Standing over the BELLA PW laser system, researchers lay out options for transverse mode shaping to improve laser-plasma coupling.

The BELLA Center, with its five high-power laser facilities, each coupled to a laser-plasma accelerator cave, offers unique opportunities in laser R&D, plasma acceleration, photon source development, and radiation applications.

The flagship BELLA Petawatt laser, a testament to our cutting-edge technology, can deliver 40 J, 40 fs pulses every second. These powerful and precise pulses are directed to target chamber plasma1 for various LPA studies, including the staging of two LPAs, or to IP2 (interaction point 2) for laser-on-solid studies and ion acceleration.

R&D on photon sources and precision LPAs is conducted on the Hundred Terawatt Thomson (HTT) and the Hundred Terawatt Undulator (HTU) beamlines and at a kHz-mJ system. Driven by the need for a portable, lightweight, and highly customizable LPA, the kHz-mJ system can produce electron beams at few-MeV energies and high (1 kHz) repetition rates, driven by as small a laser system as possible. 

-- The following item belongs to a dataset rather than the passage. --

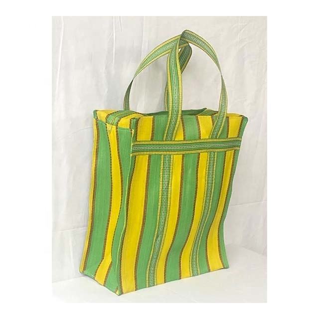 Custom Printed Eco-Friendly Striped Nylon Shopping Tote Bags Zipper Top with Recycled Material Market Bag with Custom Logo
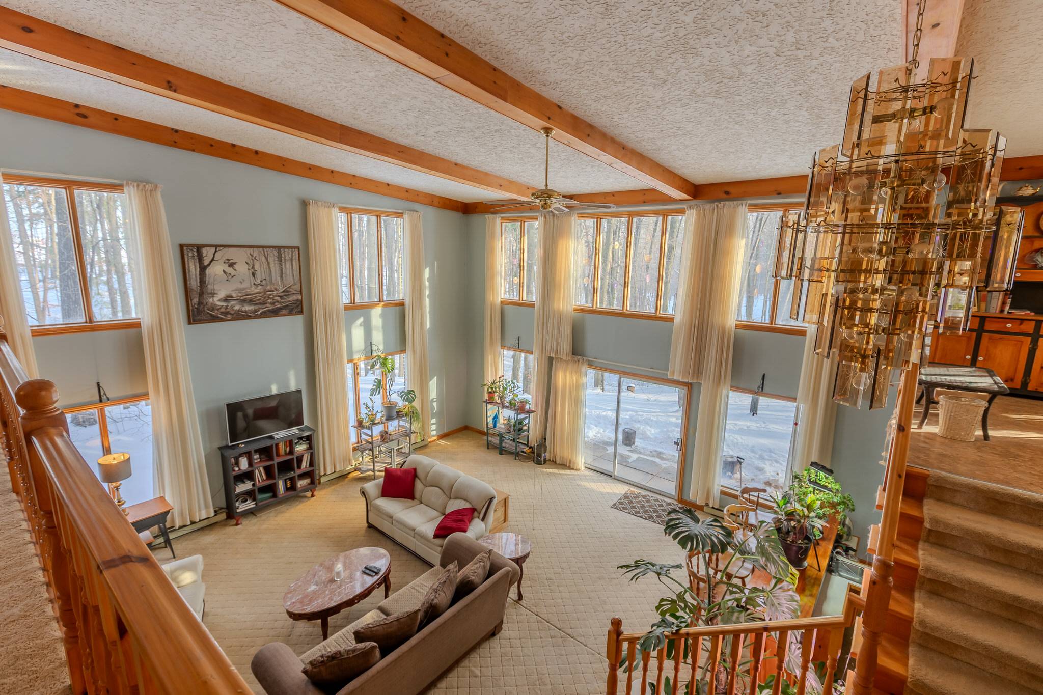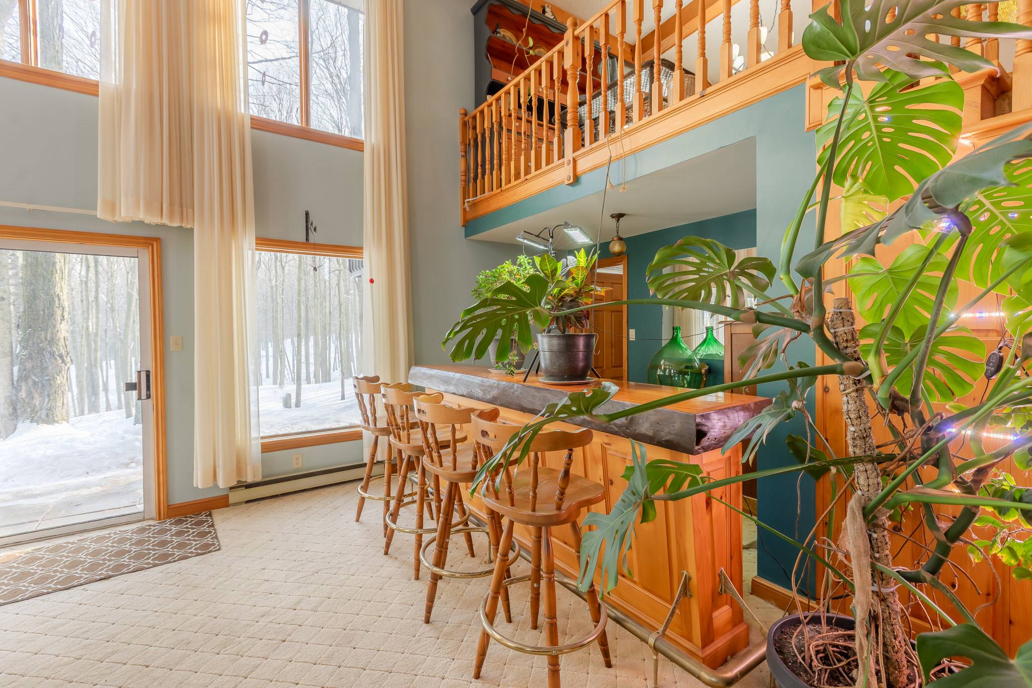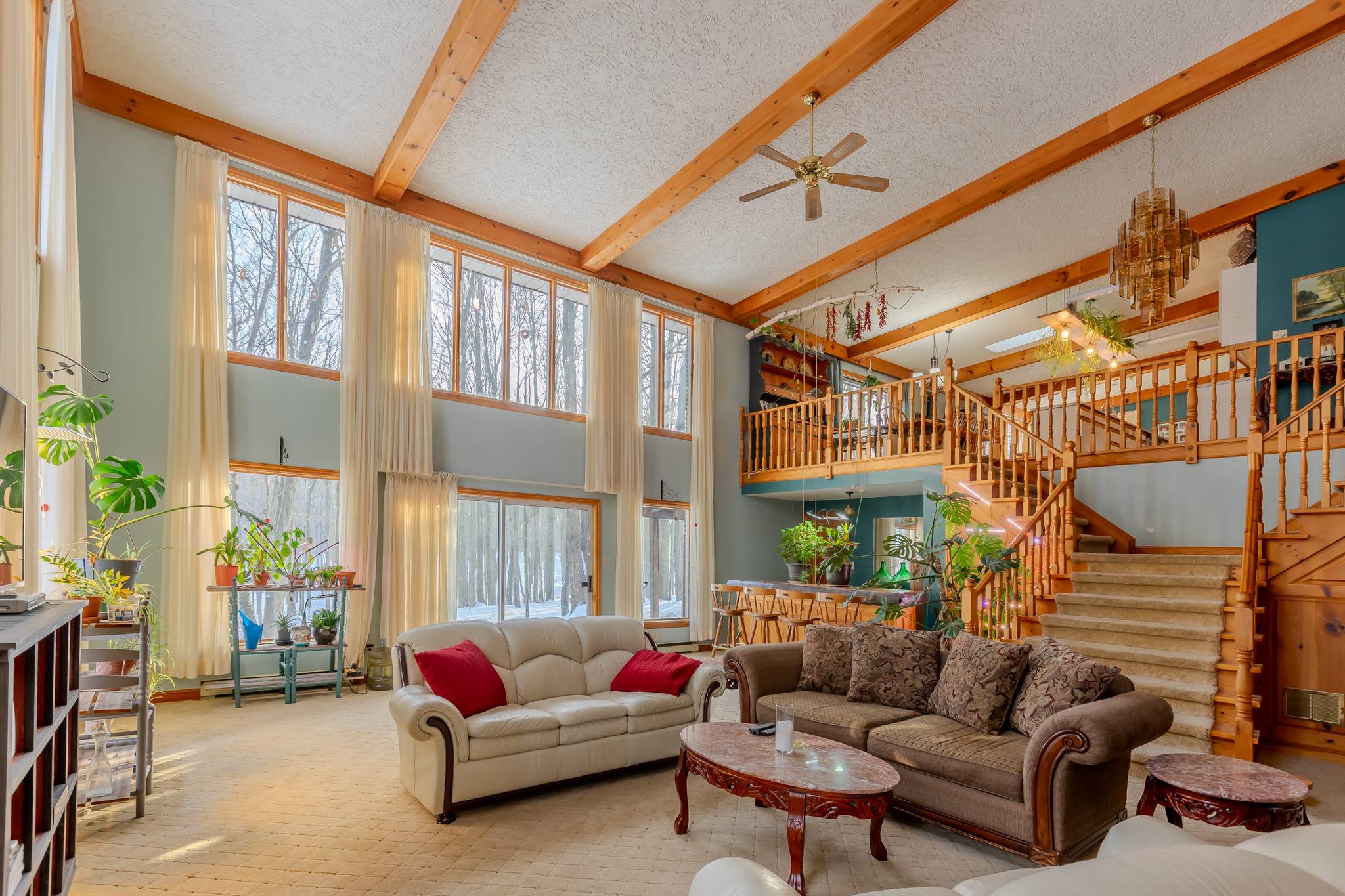 At the heart of the home is the impressive Great Room, highlighted by a dramatic ~19-foot vaulted and beamed ceiling and expansive floor-to-ceiling windows that flood the space with natural light. A wet bar and cozy wood stove enhance the inviting atmosphere, while a walkout provides seamless access to the backyard and surrounding woodland—bringing nature indoors.

At the HTT system, scientists demonstrate how the femtosecond laser can induce nonlinear effects in gas and plasmas, which in this case manifests itself as spectral broadening (“white light”) in air.

A dedicated fiber laser lab, where we collaborate with ATAP’s Berkeley Accelerator Controls and Instrumentation (BACI) Program, develops a system in which the output of many low-power femtosecond fiber lasers can be individually amplified, then combined with temporal, spatial, and spectral coherence into one high-power system. The goal is high peak laser power at a high repetition rate and high average power. With its kHz repetition rates, we consider this fiber-based technology the driver for a set of next-generation experimental facilities called kBELLA.

The BELLA Petawatt and Hundred Terawatt laser systems are available to users through the LaserNetUS program.